Thirdly, Johnson’s political antenna failed in trying to save Owen Paterson and scrap existing parliamentary standards, and being unable to say “sorry”. To say that the UK is “not a corrupt country” out loud to the world’s media is politically disastrous, as 80% of the UK public think the UK is corrupt – with 12% having doubts and a mere 1% completely disagreeing.

The inner world of Toryism is filled with disdain for the everyday folk of Britain that the party makes a great play of caring about. This is often revealed in the private thoughts of Tories in the diaries many take delight in publishing.

Take Sasha Swire, married to Tory MP Hugo Swire, a lowly minister in the David Cameron years. Despite this the Swires were in the inner circle of the Cameron-Osborne set and well-positioned to portray it, which Sasha did in her recent diaries.

What a picture it is of arrogance and cluelessness about the vast majority of people of the UK. Sasha Swire cannot even stand their own East Devon Tory association, writing: “They hate in, equal measure: foreigners, Europe, defence cuts, gay marriage, Liberals, the BBC, Germans, the Japanese, the coalition and garlic.”

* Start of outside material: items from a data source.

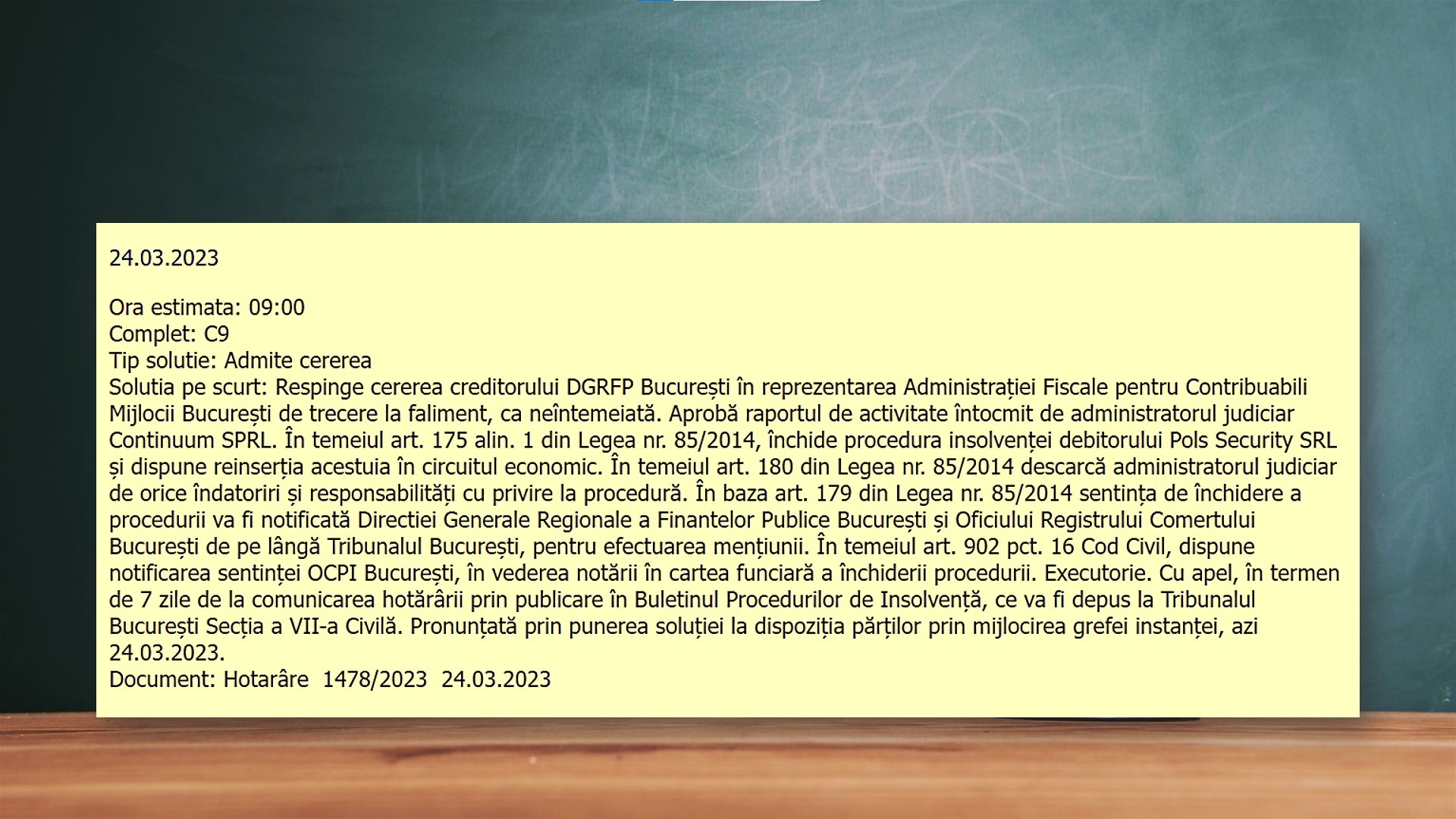 La doar 4 luni de la deschiderea procedurii, societatea se afla deja in procedură de reorganizare judiciară. Astăzi s-a închis procedura de insolvență cu reinserția societății în circuitul economic.
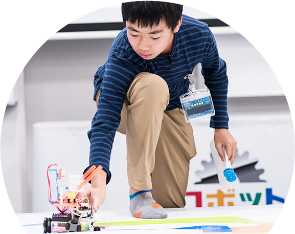 ロボット製作やプログラミングの高度な専門教育を全国で展開する、国内唯一のロボット博士養成講座※です。進化する世の中で、さまざまな問題解決ができる人材を本気で育てます。このコースは、小学校高学年以上の方が対象になります。
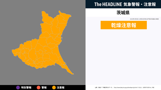 3月8日21時28分頃、茨城県に乾燥注意報が発表
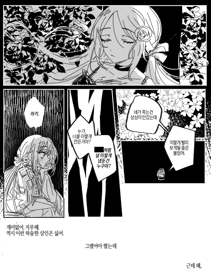 원하지 않은 배역을 받는 기분이란 이런 것일까 그는 생각했다. 그의 죽음을 보며 웃으며 즐거움을 느끼는 본인이 정말로 싫었다. 지금까지 수많은 사건들이 소설로 인해 일어났고 그것은 주목도가 높아지며 스스로 자살한 사건 또한 일어났다. 소설 쓰는 것을 그만둔 것도 그 이유. 자신의 소설이, 자신의 이야기가 누군가에게 그렇게 쓰이는 것이 싫어서.
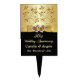 This elegant black and gold floral 50th wedding anniversary cake topper pick has a PRINTED gold metallic look ribbon and bow with a pair of PRINTED glitter and diamond jeweled joined hearts on it. This elegant and unique cake topper would add a crowning glory to your golden wedding anniversary cake. The text is customizable. If you need any changes, please email niteowlstudio@gmail.com.

Alan Duncan’s diaries – In The Thick Of It – show that for a certain kind of politician all that matters is advancement and a cabinet post above everything. When the defence secretary post became vacant in 2019 he was “passed over” as “scheming triumphed over loyalty and suitability”, with the “ludicrously unqualified” Gavin Williamson getting the job.

Alan Clark’s Diaries might be remembered fondly by many but they show a man who was racist and sexist, and an open admirer of Hitler who said long after the Second World War and the Holocaust that: “I was a Nazi; I really believed it to be the ideal system.”

One of the literary sensations of 2021 has been the publication of the first two of three unexpurgated volumes of diaries from Henry “Chips” Channon – Tory MP for Southend from 1935-58, a heavily censored version having been published in 1967.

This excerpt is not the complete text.